Daniel Lemire's blog

, 1 min read

Are 64-bit random identifiers free from collision?

It is common in software system to map objects to unique identifiers. For example, you might map all web pages on the Internet to a unique identifier.

Often, these identifiers are integers. For example, many people like to use 64-bit integers. If you assign two 64-bit integers at random to distinct objects, the probability of a collision is very, very small. You can be confident that they will not collide.

However, what about the case where you have 300 million objects? Or maybe 7 billion objects? What is the probably that at least two of them collide?
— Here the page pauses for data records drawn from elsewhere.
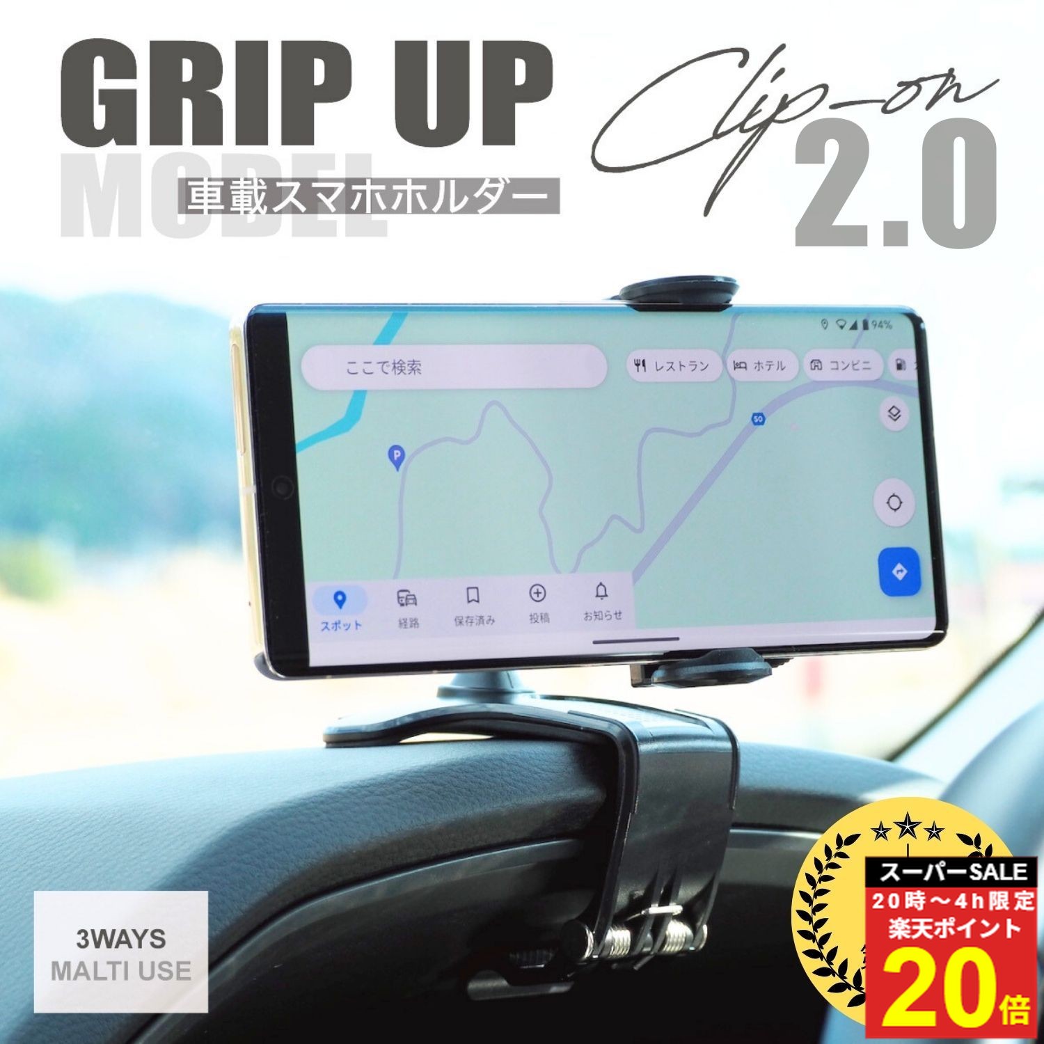 【3/4 20時~スーパーSALE!!期間中は最大P5還元】[累計販売2000個突破] LINE友達登録で300円OFFクーポン 車載ホルダー スマホホルダー 車 クリップ式スマホホルダー 回転 強力クリップ 車用 車用品 カー用品 スマホ スマートフォン スマホスタンド 車載
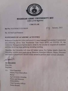The Nigerian Army University, Biu (NAUB) has suspended lectures and all other forms of academic activities. See details below.
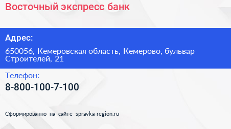 Восточный экспресс банк по адресу 650056, Кемеровская область, Кемерово, бульвар Строителей, 21 в дальнейшем Организация, размещена в следующих категориях:
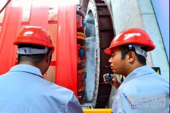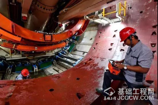 工作人员调试直径8.8米的“铁兵一号”盾构机。
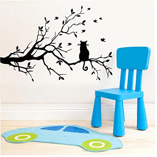 ST4U Cat on Long Ramo di Albero Adesivi per Pareti Animali Gatti Camera Decalcomania di Arte Bambini Decorazione del Vinile di Arte Murale
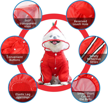 Waterproof and Quick-Drying: Made from high-quality polyester fabric with advanced waterproof technology, this rain poncho keeps your pet dry even during heavy downpours. It dries quickly for hassle-free cleanup.
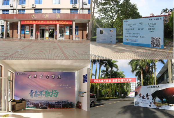 走进海滨校区,主干道、共青广场、宿舍楼前,欢迎标语随处可见,“乘长风破万里浪,凌青云啸九天歌”“2020年,我们毕业了”“毕业季不散场”“广东海洋大学开往前程似锦的20号火车票”“不惧路遥岁月长、回首仍是海大人”,欢迎欢送毕业生的氛围分外浓厚。
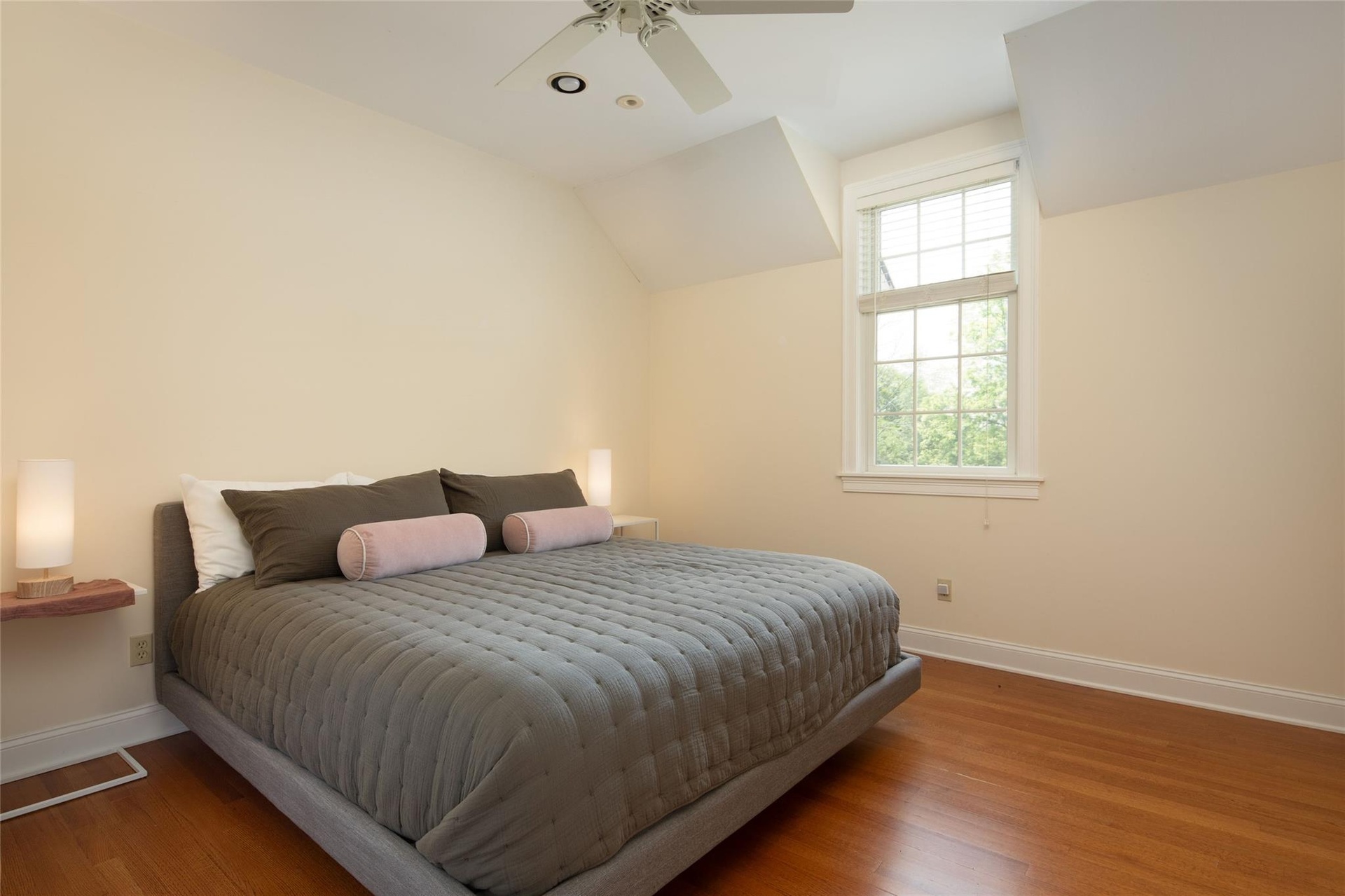 - Bedroom featuring wood finished floors, a ceiling fan, and lofted ceiling

This is just the Birthday’s paradox. Wikipedia gives us an approximation to the collision probability assuming that the number of objects r is much smaller than the number of possible values N: 1-exp(-r**2/(2N)). Because there are so many 64-bit integers, it should be a good approximation.

Number of objects Collision probability
500M 0.7%
1B 3%
1.5B 6%
2B 10%
4B 35%

Thus if you have a large system with many objects, it is quite conceivable that your randomly assigned 64-bit identifiers might collide. If a collision is a critical flaw, you probably should not use only 64 bits.

Computation (example):

>>> r=500000000
>>> N=2**64
>>> ratio = 2*N / r**2
>>> ratio
147.57395258967642
>>> 1-exp(-1/ratio)
0.00675335647472286